> Task directions: What is needed is a verbatim copy of the data, minus the pictures.

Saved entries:
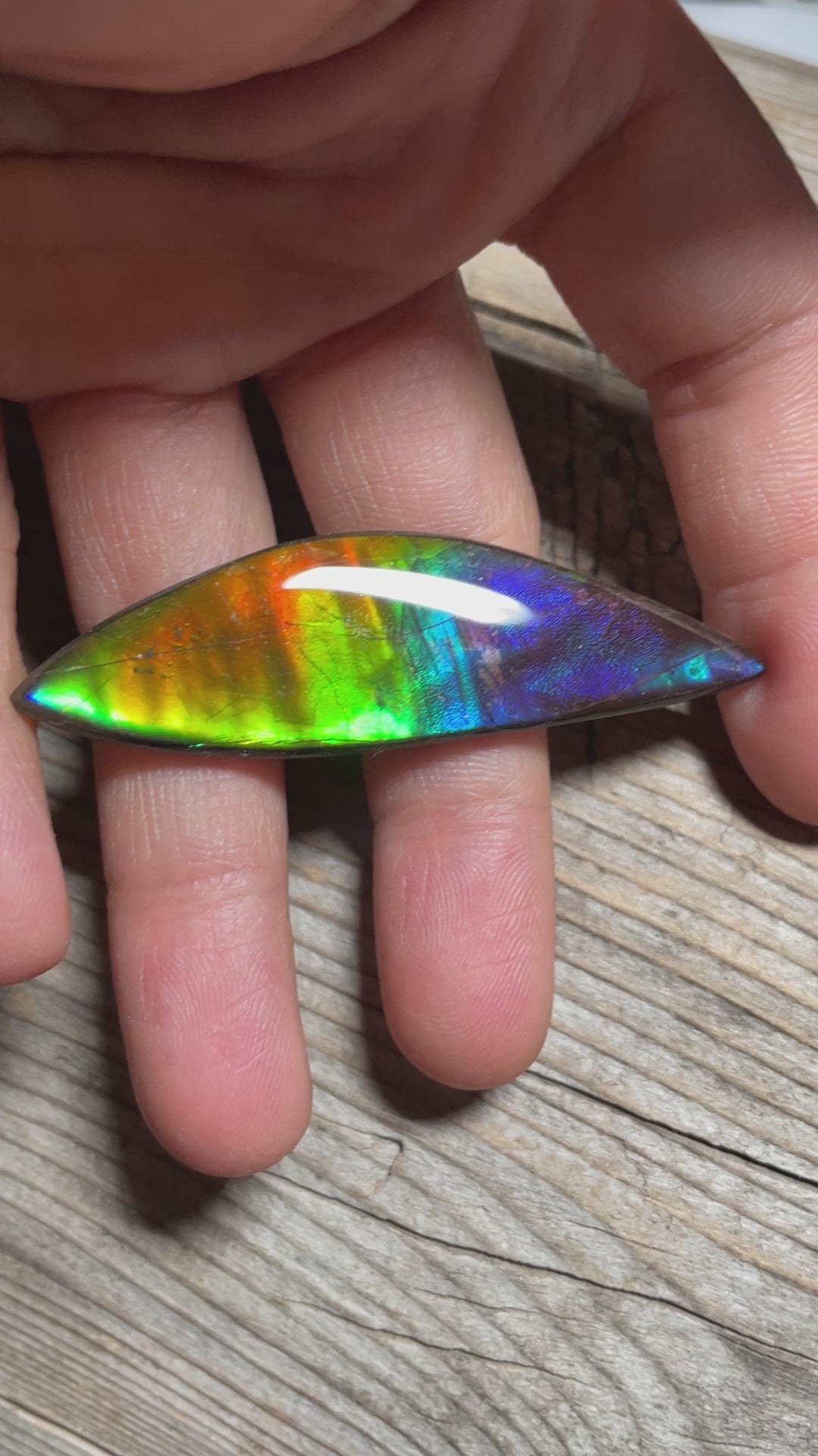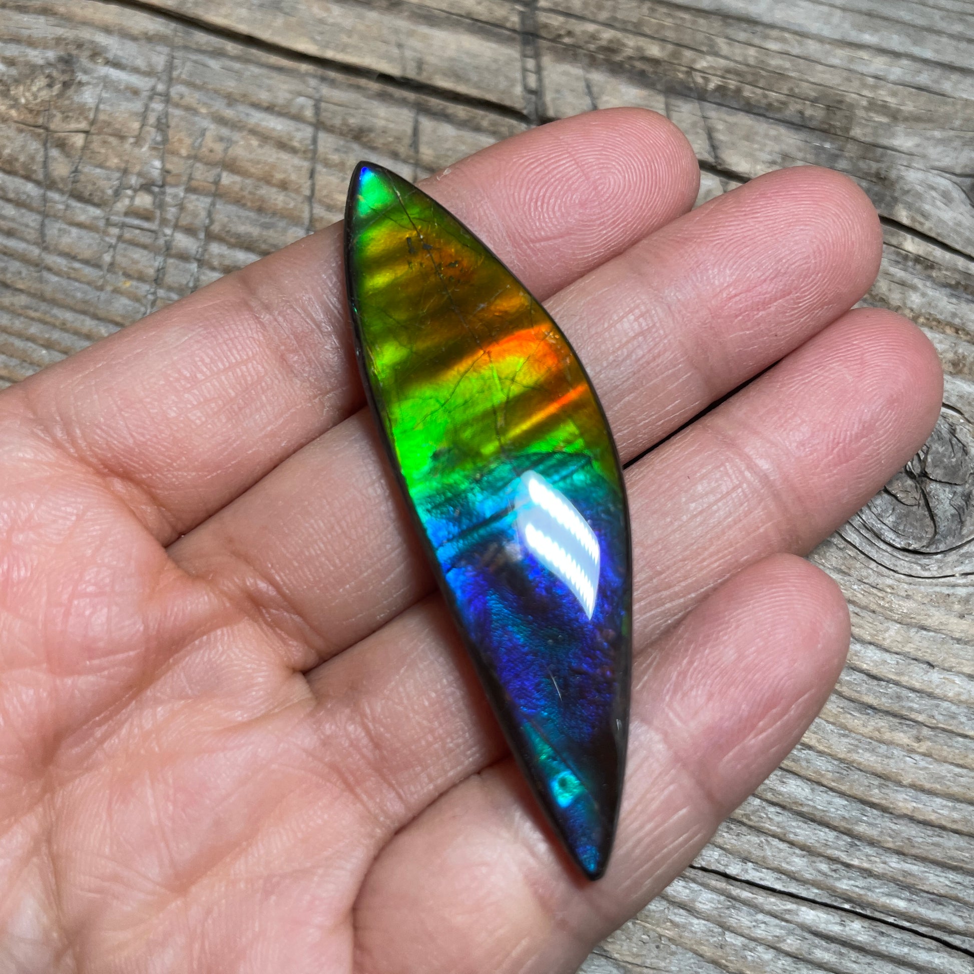 Rainbow Ammolite Gemstone, Freeform Cabochon, Canadian Ammonite Fossil
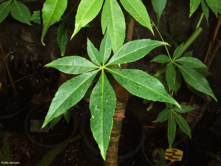 The leaf structure is like the five fingers of a palm. So this particular shape when we are actually talking about leaves is called digitate because of course these are our digits and the leaves are also shaped like the fingers on a hand and that’s what you also see on this leaf and the leaflet or the centre one that you usually see is the first, furthest away from the leaf stock and also tends to be the longest. Again, all of them are usually with pointy tips.
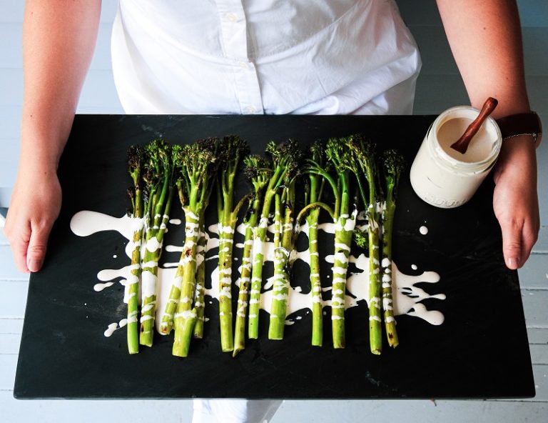A bright side dish that is lifted in flavour by the unique mushroom mayonnaise.
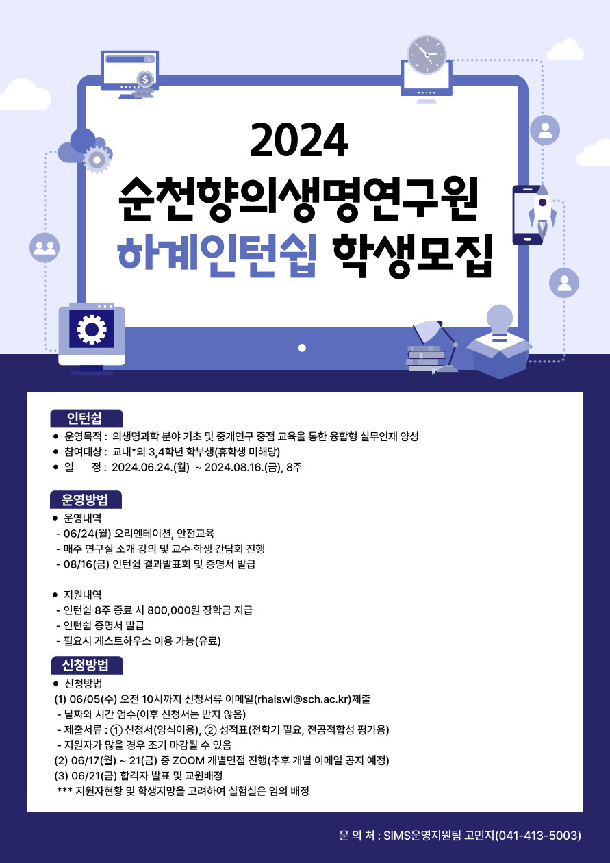 2024학년도 순천향의생명연구원 Summer Internship Program 개최 안내 및 모집
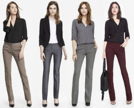 Официальные брюки, плотно облегающие бедра и икры, идеально подходят для невысоких женщин. Выберите модель с длиной чуть выше лодыжек и прямыми штанинами, потому что так вы сможете удлинить фигуру. Хорошо придерживаться темных цветов. Важно, чтобы официальные брюки не были слишком широкими, чтобы вы не выглядели еще ниже. По той же причине избегайте моделей со слишком широкими штанинами.
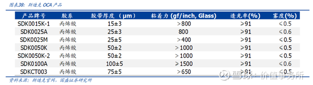 因此光学胶主要就包括了胶材料和膜材料两种主要原材料,其中胶材料是最重要的,决定了光学胶的性能。胶材料主要有丙烯酸压敏胶、聚氨酯压敏胶和其他胶材料等,说到丙烯酸,大家是不是觉得很熟悉?这就是卫星化学C2产品链最重要的中间体产品。斯迪克主要就采用丙烯酸压敏胶作为胶材料,最重要就是透光性要好,至少要达到90%以上。
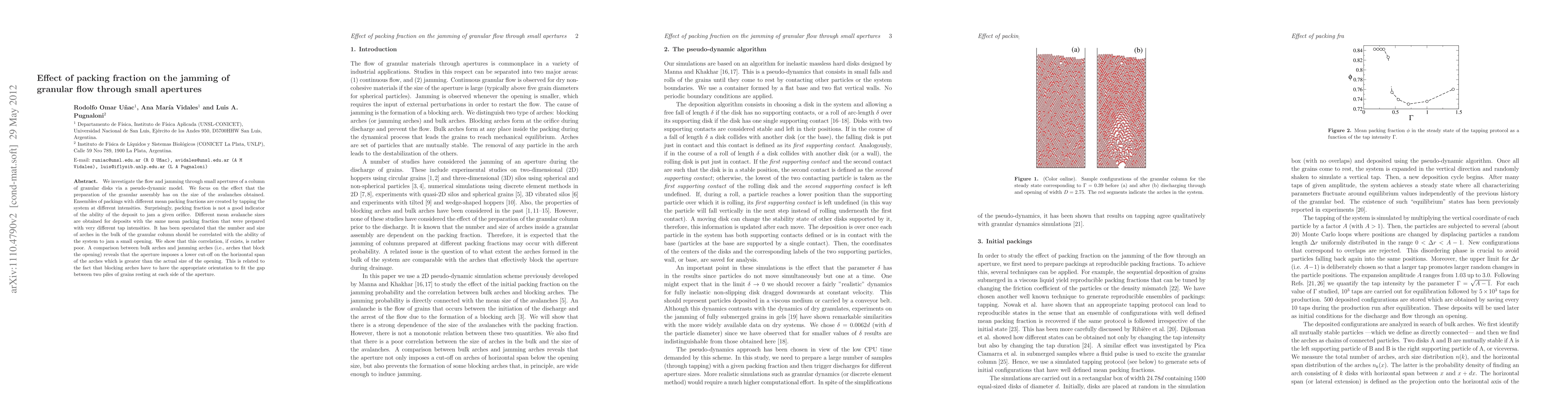 We investigate the flow and jamming through small apertures of a column of granular disks via a pseudo-dynamic model. We focus on the effect that the preparation of the granular assembly has on the size of the avalanches obtained. Ensembles of packings with different mean packing fractions are created by tapping the system at different intensities. Surprisingly, packing fraction is not a good indicator of the ability of the deposit to jam a given orifice. Different mean avalanche sizes are obtained for deposits with the same mean packing fraction that were prepared with very different tap intensities. It has been speculated that the number and size of arches in the bulk of the granular column should be correlated with the ability of the system to jam a small opening. We show that this correlation, if exists, is rather poor. A comparison between bulk arches and jamming arches (i.e., arches that block the opening) reveals that the aperture imposes a lower cut-off on the horizontal span of the arches which is greater than the actual size of the opening. This is related to the fact that blocking arches have to have the appropriate orientation to fit the gap between two piles of grains resting at each side of the aperture.
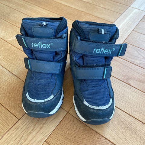 Reflex vintersko for barn, unisexmodell i størrelse 30. Skoene er i hovedsak blå med mørke og lyse kontrastdetaljer. Overdelen er i tekstil og syntetisk materiale, med borrelåslukking for enkel av- og påkledning. Polstret skaft og innside gir god komfort, og yttersålen er i gummi for bedre grep. Egnet som hverdagssko i kaldere vær for både gutter og jenter.
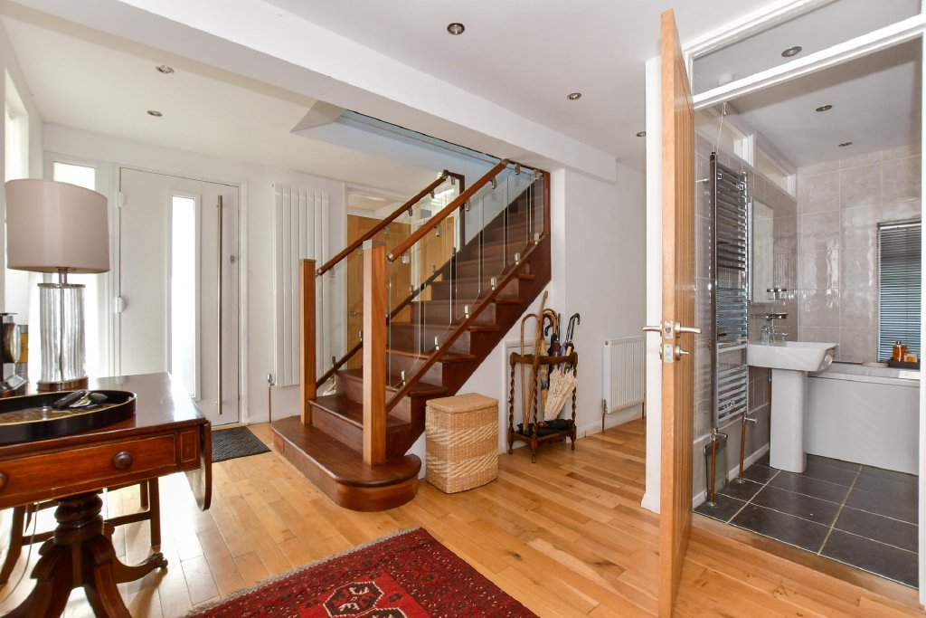 Approached via a private driveway providing ample parking for vehicles and boat storage, this impressive property also benefits from a detached, pitched-roof garage. The home’s sense of quality and style becomes evident the moment you step inside. A striking glazed staircase leads to the first-floor living accommodation, where a stunning open-plan layout showcases the true heart of the home.
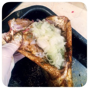 Судака смазываем внутри и снаружи бальзамическим соусом, либо медом с лимонным соком и солью. Оставляем пока делаем лук.
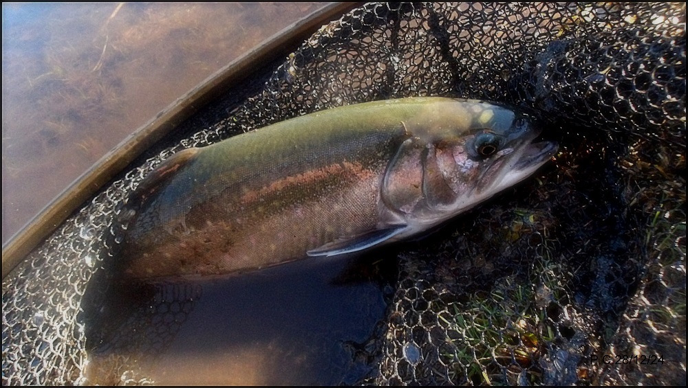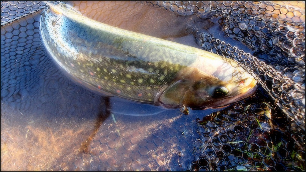 Puis plus rien je change de matériel pour passer en soie plongeante de type S3, une tape, mais rien, une autre qui cette fois m’arrache la soie des mains et j’épuisette ce splendide omble Alis
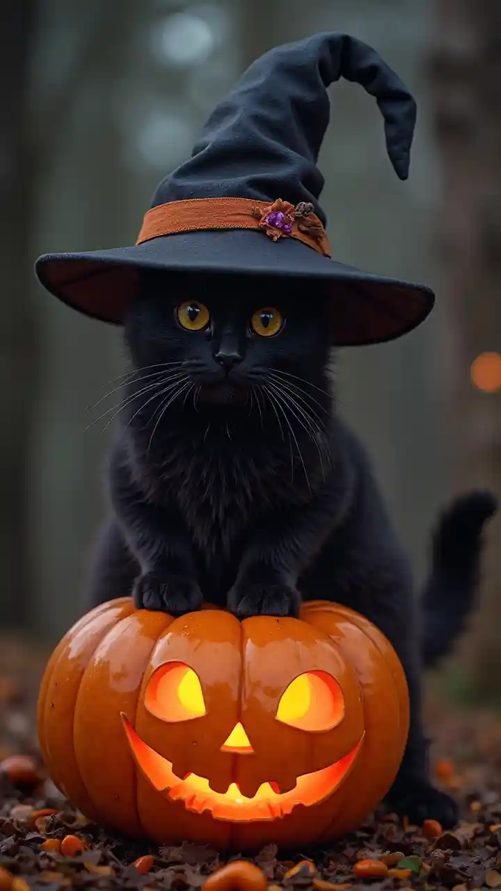 Paka Mweusi Mzuri wa Halloween Mwenye Kofia ya Mchawi
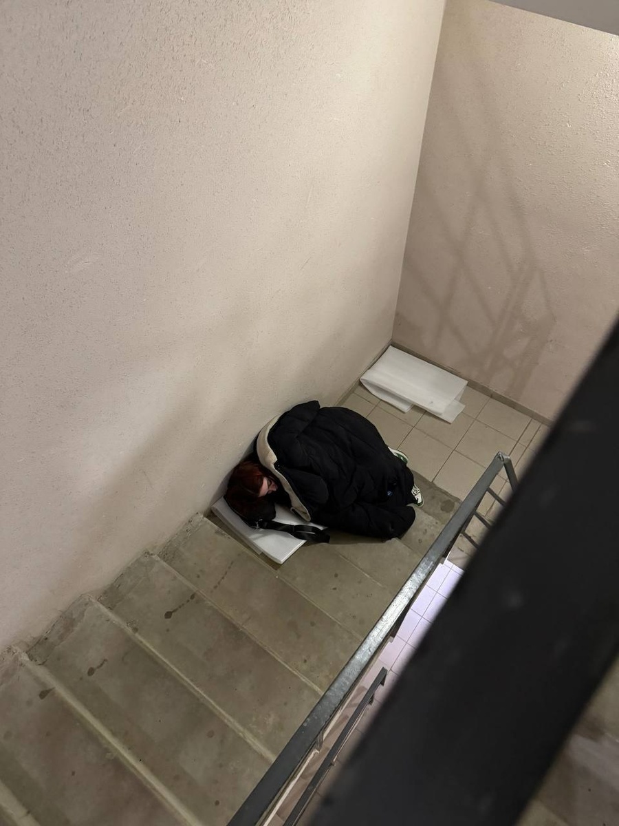 Девушка лежит на пожарной лестнице. Если тут есть родители, напишите мне
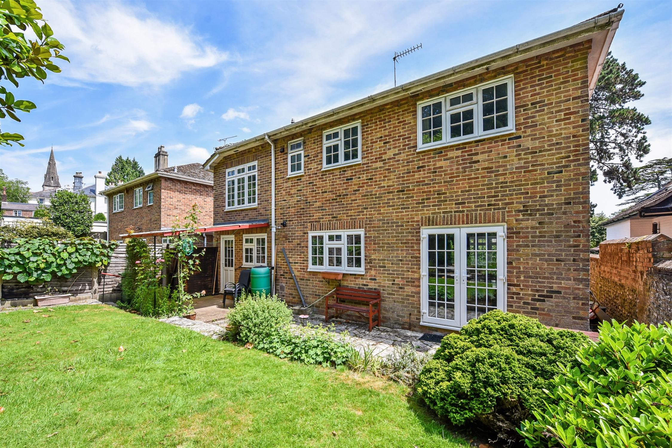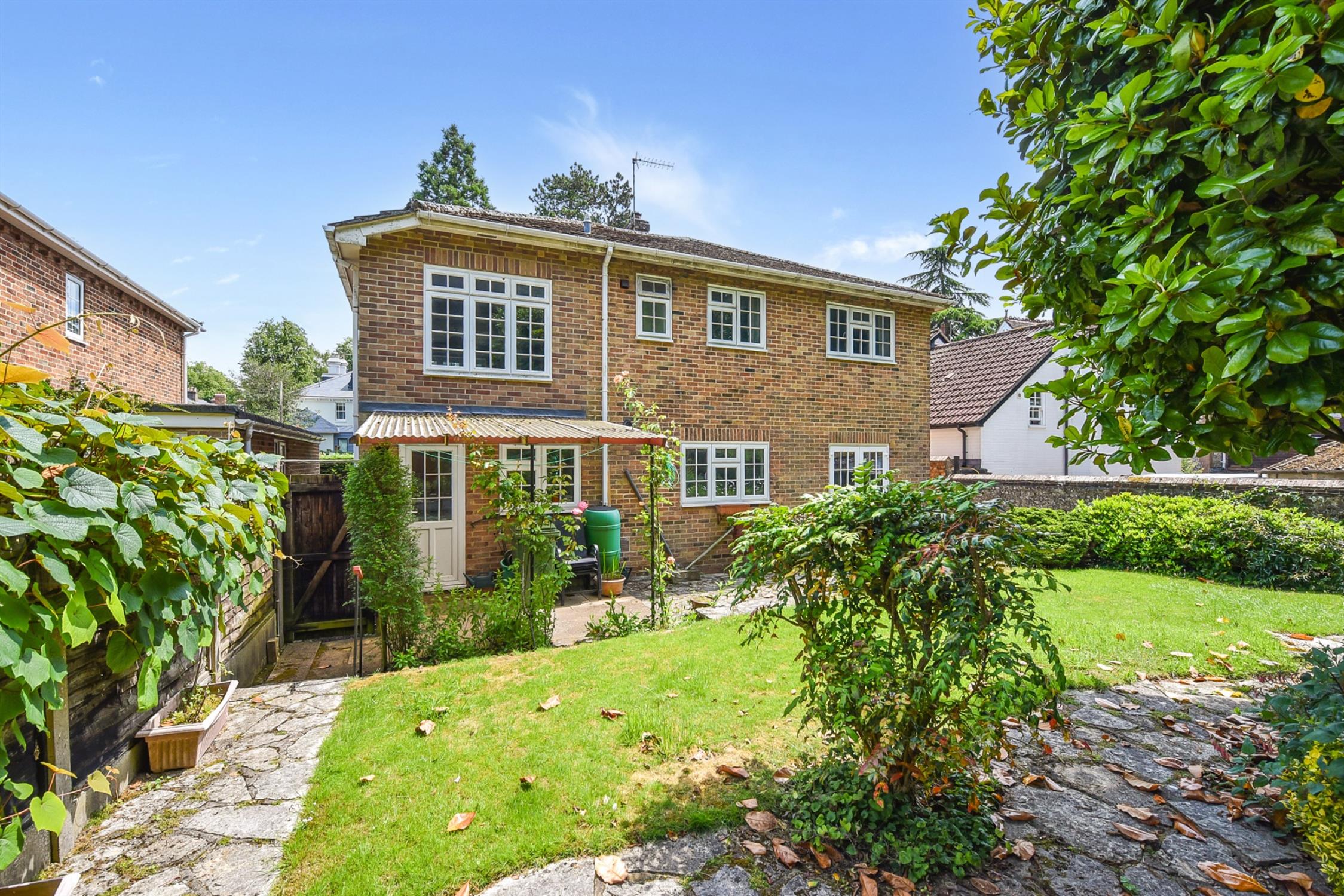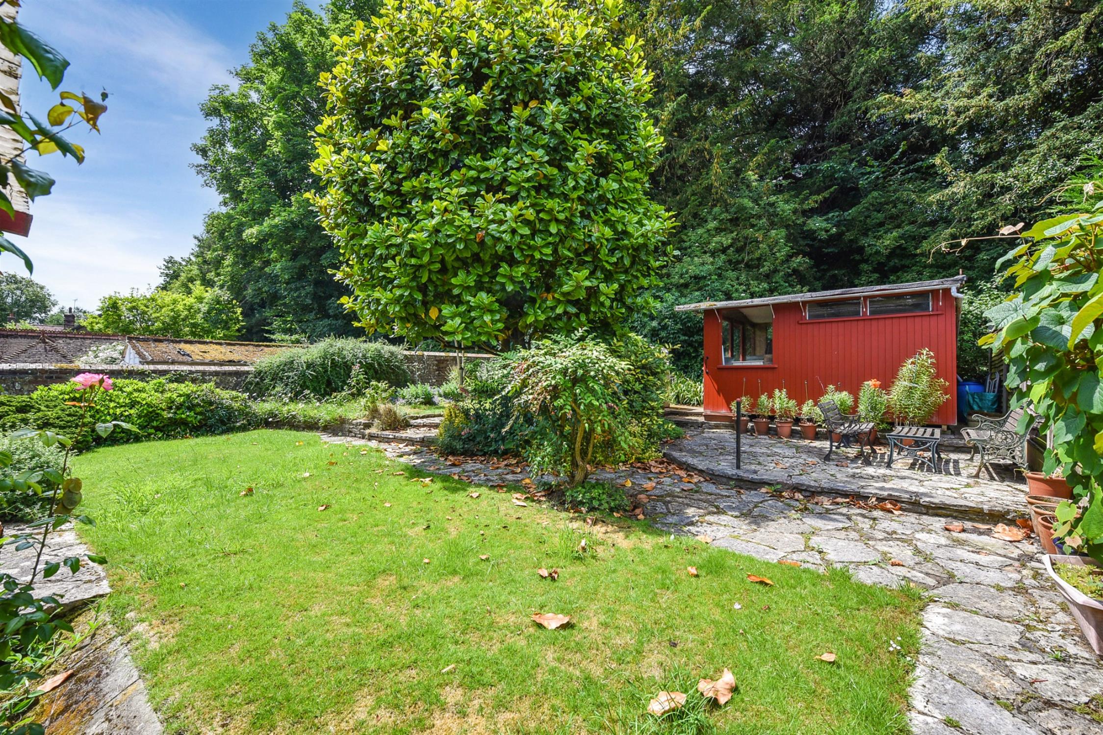 The property is set back from the road within its plot, benefiting from a long driveway for ample parking as well as a kitchen garden enclosed within mature hedging and greenhouse with adjacent patio. Bordered by attractive flint and brick wall on one side and planted beds and hedging on the other.

> Task output:
 Rainbow Ammolite Gemstone, Freeform Cabochon, Canadian Ammonite Fossil
 The leaf structure is like the five fingers of a palm. So this particular shape when we are actually talking about leaves is called digitate because of course these are our digits and the leaves are also shaped like the fingers on a hand and that’s what you also see on this leaf and the leaflet or the centre one that you usually see is the first, furthest away from the leaf stock and also tends to be the longest. Again, all of them are usually with pointy tips.
A bright side dish that is lifted in flavour by the unique mushroom mayonnaise.
 2024학년도 순천향의생명연구원 Summer Internship Program 개최 안내 및 모집
 Официальные брюки, плотно облегающие бедра и икры, идеально подходят для невысоких женщин. Выберите модель с длиной чуть выше лодыжек и прямыми штанинами, потому что так вы сможете удлинить фигуру. Хорошо придерживаться темных цветов. Важно, чтобы официальные брюки не были слишком широкими, чтобы вы не выглядели еще ниже. По той же причине избегайте моделей со слишком широкими штанинами.
 因此光学胶主要就包括了胶材料和膜材料两种主要原材料,其中胶材料是最重要的,决定了光学胶的性能。胶材料主要有丙烯酸压敏胶、聚氨酯压敏胶和其他胶材料等,说到丙烯酸,大家是不是觉得很熟悉?这就是卫星化学C2产品链最重要的中间体产品。斯迪克主要就采用丙烯酸压敏胶作为胶材料,最重要就是透光性要好,至少要达到90%以上。
 We investigate the flow and jamming through small apertures of a column of granular disks via a pseudo-dynamic model. We focus on the effect that the preparation of the granular assembly has on the size of the avalanches obtained. Ensembles of packings with different mean packing fractions are created by tapping the system at different intensities. Surprisingly, packing fraction is not a good indicator of the ability of the deposit to jam a given orifice. Different mean avalanche sizes are obtained for deposits with the same mean packing fraction that were prepared with very different tap intensities. It has been speculated that the number and size of arches in the bulk of the granular column should be correlated with the ability of the system to jam a small opening. We show that this correlation, if exists, is rather poor. A comparison between bulk arches and jamming arches (i.e., arches that block the opening) reveals that the aperture imposes a lower cut-off on the horizontal span of the arches which is greater than the actual size of the opening. This is related to the fact that blocking arches have to have the appropriate orientation to fit the gap between two piles of grains resting at each side of the aperture.
 Reflex vintersko for barn, unisexmodell i størrelse 30. Skoene er i hovedsak blå med mørke og lyse kontrastdetaljer. Overdelen er i tekstil og syntetisk materiale, med borrelåslukking for enkel av- og påkledning. Polstret skaft og innside gir god komfort, og yttersålen er i gummi for bedre grep. Egnet som hverdagssko i kaldere vær for både gutter og jenter.
 Approached via a private driveway providing ample parking for vehicles and boat storage, this impressive property also benefits from a detached, pitched-roof garage. The home’s sense of quality and style becomes evident the moment you step inside. A striking glazed staircase leads to the first-floor living accommodation, where a stunning open-plan layout showcases the true heart of the home.
 Судака смазываем внутри и снаружи бальзамическим соусом, либо медом с лимонным соком и солью. Оставляем пока делаем лук.
 Puis plus rien je change de matériel pour passer en soie plongeante de type S3, une tape, mais rien, une autre qui cette fois m’arrache la soie des mains et j’épuisette ce splendide omble Alis
 Paka Mweusi Mzuri wa Halloween Mwenye Kofia ya Mchawi
 Девушка лежит на пожарной лестнице. Если тут есть родители, напишите мне
 The property is set back from the road within its plot, benefiting from a long driveway for ample parking as well as a kitchen garden enclosed within mature hedging and greenhouse with adjacent patio. Bordered by attractive flint and brick wall on one side and planted beds and hedging on the other.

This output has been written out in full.